Fluorescence polarization immunoassay (FPIA) is a class of in vitro biochemical test used for rapid detection of antibody or antigen in sample. FPIA is a competitive homogenous assay, that consists of a simple prepare and read method, without the requirement of separation or washing steps.

Fluorescence Polarization/Anisotropy Three Dimensional Diagram of the Theory

The basis of the assay is fluorescence anisotropy, also known as fluorescence polarization. If a fluorescent molecule is stationary and exposed to plane-polarized light, it will become excited and consequently emit radiation back to the polarized-plane. However, if the excited fluorescent molecule is in motion (rotational or translational) during the fluorescent lifetime, it will emit light in a different direction than the excitation plane. The fluorescent lifetime is the amount of time between the absorption moment and the fluorescent emission moment.

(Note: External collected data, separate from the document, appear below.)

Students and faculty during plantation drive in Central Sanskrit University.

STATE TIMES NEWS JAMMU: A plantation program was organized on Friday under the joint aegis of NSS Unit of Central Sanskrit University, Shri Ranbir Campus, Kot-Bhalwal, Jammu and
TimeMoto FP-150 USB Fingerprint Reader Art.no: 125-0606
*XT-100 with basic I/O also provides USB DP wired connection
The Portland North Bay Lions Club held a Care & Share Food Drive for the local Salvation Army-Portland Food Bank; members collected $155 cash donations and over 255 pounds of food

Typically, the rate at which a molecule rotates is indicative of its size.[1] When a fluorescent-labelled molecule (tracer) binds to another molecule the rotational motion will change, resulting in an altered intensity of plane-polarized light, which results in altered fluorescence polarization.[2] Fluorescence polarization immunoassays employ a fluorophore bound antigen that when bound to the antibody of interest, will increase fluorescence polarization. The change in polarization is proportional to the amount of antigen in sample, and is measured by a fluorescence polarization analyzer.[3]

History edit

Fluorescence polarization was first observed by F. Weigert in 1920. He experimented with solutions of fluorescein, eosin, and other dyes at various temperatures and viscosities. Observing that polarization increased with viscosity of the solvent and the size of the dye molecule, but decreased with an increase in temperature, he deduced that polarization increased with a decrease in mobility of the emitting species.[2] From 1925 to 1926 Francis Perrin detailed a quantitative theory for fluorescence polarization in multiple significant publications which remain relevant to this day.[2]

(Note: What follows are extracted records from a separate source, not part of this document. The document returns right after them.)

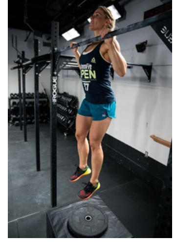
For jumping pull-ups, the bar should At the bottom, the arms must be At the top, the chin must break the be set up so it is at least 6 inches above the top of the athlete's head when standing tall.
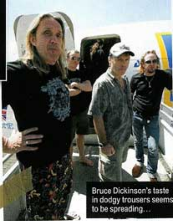
Bruce Dickinson's taste in dodgy trousers seems to be spreading...
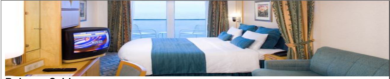
Balcony Cabin Open your private balcony and take in the beautiful view. It's a great way to get close to every destination and make the most of your vacation at sea.
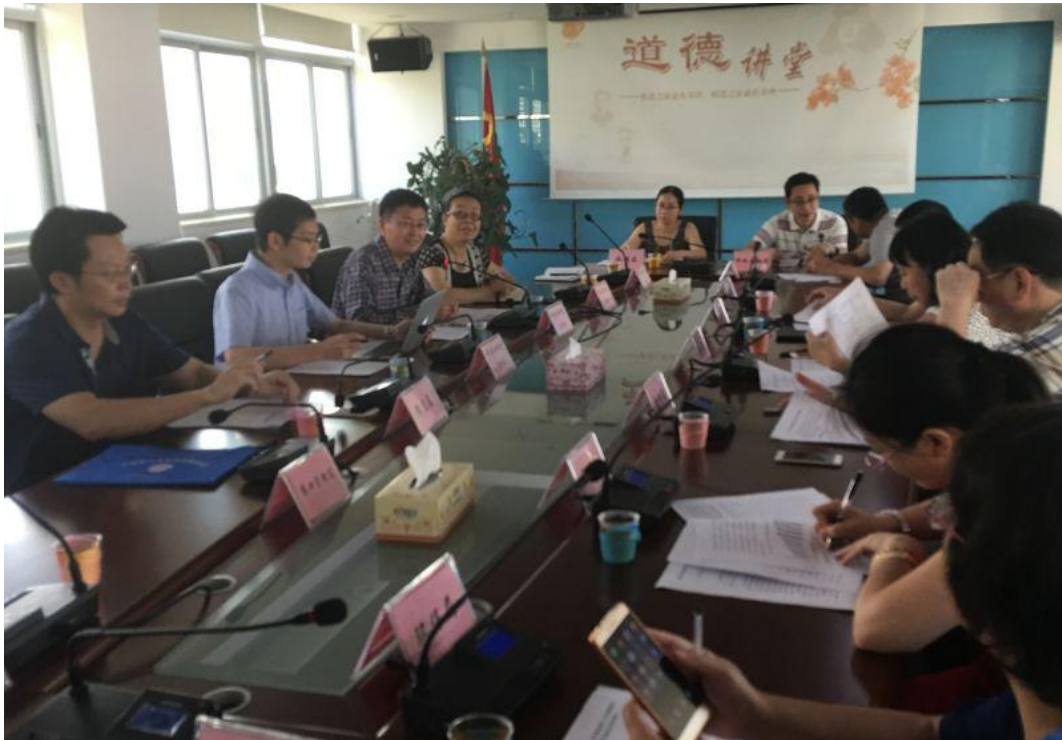
(6) Meeting with Xiamen Municipal officials

(6) Public bicycle service. Users can easily check the map of public bicycle stations and bicycle available.

Since Perrin's contribution, the technique has grown from determining binding isotherms under heavily controlled parameters, to the study of antigen-antibody, small molecule-protein, and hormone-receptor binding interactions.[4] A fluorescence polarization immunoassay was first described and used in the 1960s.[5][6] The competitive homogenous characteristic allowed for the fluorescence polarization immunoassay to be automated much easier than other immunoassay techniques such as radioimmunoassays or enzyme-linked immunoassays.[4]

Despite originating as a method for direct interaction studies, the technique has been adopted by high-throughput screening (HTS) since the mid 1990s to help facilitate the drug discovery process by studying complex enzymatic interaction.[4]

 
Competitive homogeneous immunoassay

Principle edit

FPIA quantifies the change in fluorescence polarization of reaction mixtures of fluorescent-labelled tracer, sample antigen, and defined antibody. Operating under fixed temperature and viscosity allows for the fluorescence polarization to be directly proportional to the size of the fluorophore. Free tracer in solution has a lower fluorescence polarization than antibody-bound tracer with slower Brownian motion. The tracer and the specific antigen will compete to bind to the antibody and if the antigen is low in concentration, more tracer will be bound to the antibody resulting in a higher fluorescence polarization and vice versa.[7]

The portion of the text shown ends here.